The HBaseWriter is for writing a dataframe to a HBase table in batch mode.
-
The following connection properties are required to be able to connect to a HBase environment
- connection.hbase.zookeeper.quorum: a comma-separated list of hosts on which ZooKeeper servers are running
- connection.hbase.zookeeper.property.clientPort: the port number at which ZooKeeper servers are running on each host
- connection.zookeeper.znode.parent: the root znode that will contain all the znodes created/used by HBase
- connection.core-site.xml: the core-site configuration
- connection.hdfs-site.xml: the hdfs-site configuration
- connection.hbase-site.xml: the hbase-site configuration
Note: if option 6 is configured, then option 1, 2, 3 are ignored.
-
The following two options are mandatory in secured hbase environment 7. connection.hadoop.security.authentication: it must be the value of kerberos 8. connection.hbase.security.authentication: it must be the value of kerberos
-
The table property specifies the target HBase table to which the data will be writing.
-
The following defines the data mapping of columns from source dataframe to the columns in the target HBase table:
columnsMapping: src-col1: "col-family1:dst-col1" src-col2: "col-family2:dst-col2" ...
Where: src-col1, src-col2, ... are the columns from the source dataframe, and col-family1:dst-col1, col-family2:dst-col2, ... are the target columns in HBase.
-
The row-key is defined as follows:
rowKey: concatenator: "^" from: src-col1,src-col2 # fields from source separated by comma _**Note: if the rowKey is not defined, then uuid will be generated.**_
The above configuration creates the row-key of target HBase table as src-col1^src-col2
-
The options property defines the writing behavior.
-
The mode defines how data wil be written to HBase.

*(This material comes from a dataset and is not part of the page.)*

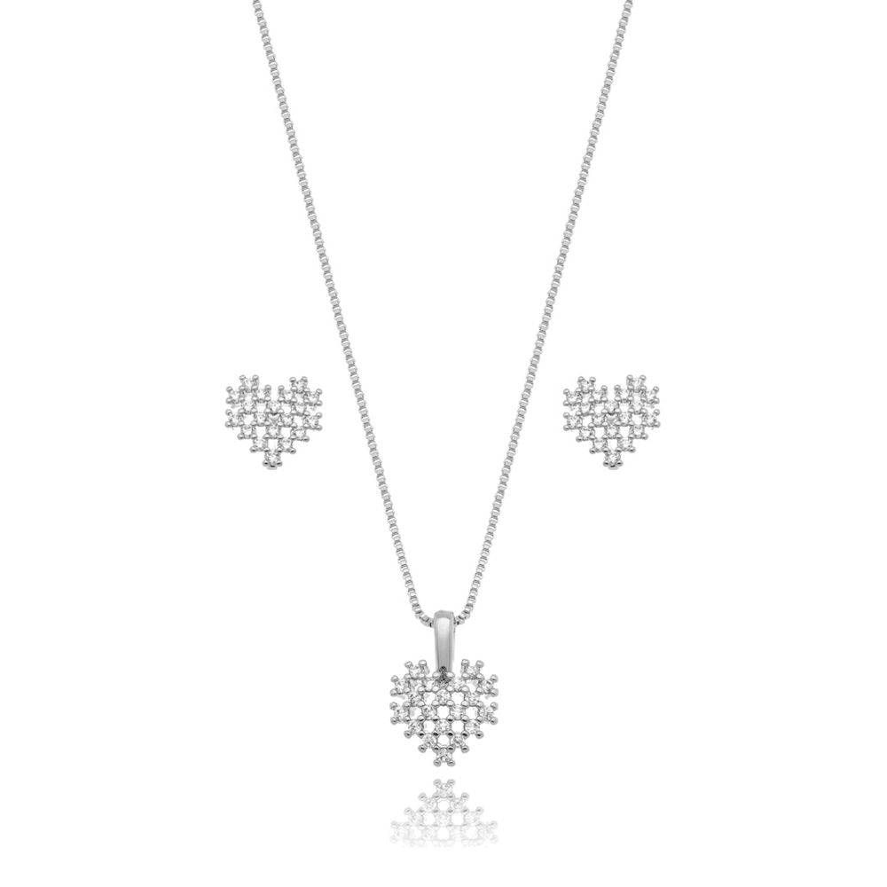 Conjunto Coração Vazado Cravejado Banho Ródio Zircônia Transparente U |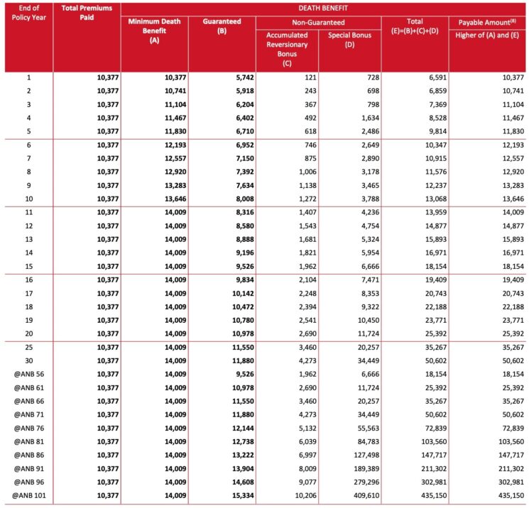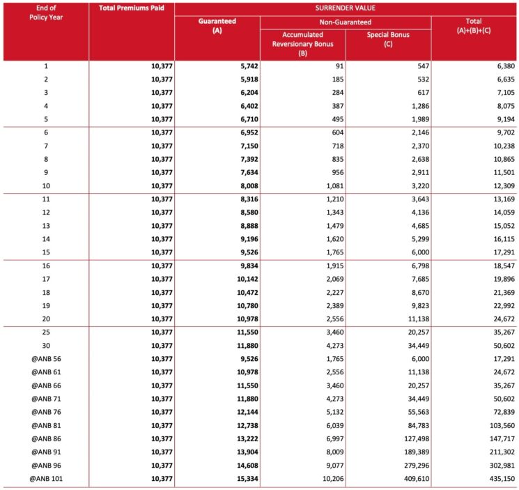 ・20年後:解約返戻金合計USD24,672(確定部分:USD10,377)

It must be either overwrite or merge.
- overwrite - the target table will be cleaned out then write the new data
- merge -> the new data will be merged into target table
Actor Class: com.qwshen.etl.sink.HBaseWriter
The definition of HBaseWriter:
- In YAML format
actor:
type: hbase-writer
properties:
connection:
hbase.zookeeper.quorum: 127.0.0.1
hbase.zookeeper.property.clientPort: 2181
zookeeper.znode.parent: "/hbase-unsecure"

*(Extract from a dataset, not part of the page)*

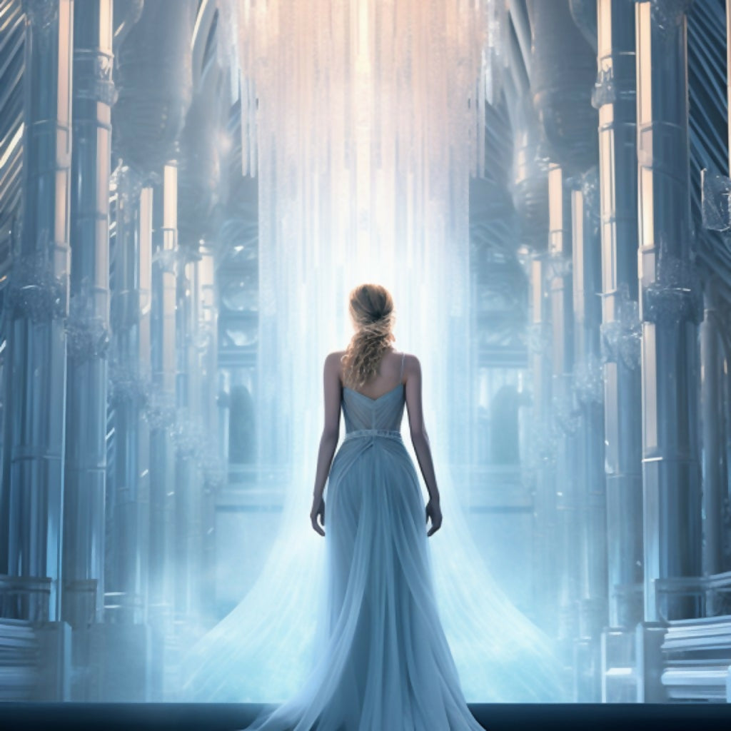 This AI-generated fantasy scene captures elegance, solitude, and icy mystery.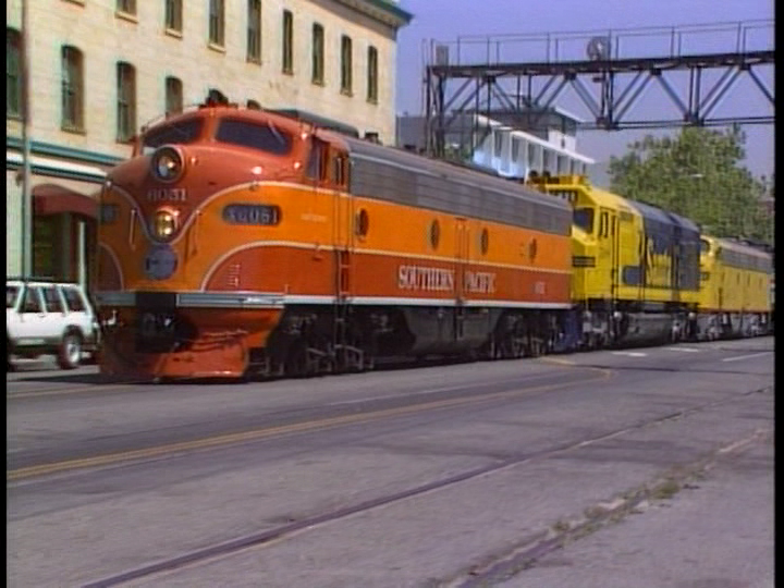 Operation Lifesaver Special to San Diego. Involves: Southern Pacific, Union Pacific E9A 951and Santa Fe FP45. SP E9A 6051 street runs in Oakland.

hadoop.security.authentication: kerberos
hbase.security.authentication: kerberos
table: "events_db:users"
columnsMapping:
user_id: "profile:user_id"
birthyear: "profile:birth_year"
gender: "profile:gender"
address: "location:address"
rowKey:
concatenator: "^"
from: user_id
options:
numPartitions: 16
batchSize: 900
mode: "overwrite"
view: users
- In JSON format
{
"actor": {
"type": "hbase-writer",
"properties": {
"connection": {
"core-site.xml": "/usr/hdp/current/hbase-server/conf/core-site.xml",
"hdfs-site.xml": "/usr/hdp/current/hbase-server/conf/hdfs-site.xml",
"hbase-site.xml": "/usr/hdp/current/hbase-server/conf/hbase-site.xml"
},
"table": "events_db:users",
"columnsMapping": {
"user_id": "profile:user_id",
"birthyear": "profile:birth_year",
"gender": "profile:gender",
"address": "location:address"
},
"rowKey": {
"concatenator": "&",
"from": "user_id,timestamp"
},
"options": {
"numPartitions": "16",
"batchSize": "9000"
},
"mode": "merge",
"view": "users"
}
}
}
- In XML format
<actor type="hbase-writer">
<properties>
<connection>
<core-site.xml>/usr/hdp/current/hbase-server/conf/core-site.xml</core-site.xml>
<hdfs-site.xml>/usr/hdp/current/hbase-server/conf/hdfs-site.xml</hdfs-site.xml>
<hbase-site.xml>/usr/hdp/current/hbase-server/conf/hbase-site.xml</hbase-site.xml>
</connection>
<table>events_db:users</table>
<columnsMapping>
<user_id>profile:user_id</user_id>
<birthyear>profile:birth_year</birthyear>
<gender>profile:gender</gender>
<address>location:address</address>
</columnsMapping>
<rowKey>
<concatenator>^</concatenator>
<from>user_id,timestamp</from>
</rowKey>
<options>
<numPartitions>16</numPartitions>
<batchSize>9000</batchSize>
</options>
<mode>overwrite</mode>
<view>users</view>
</properties>
</actor>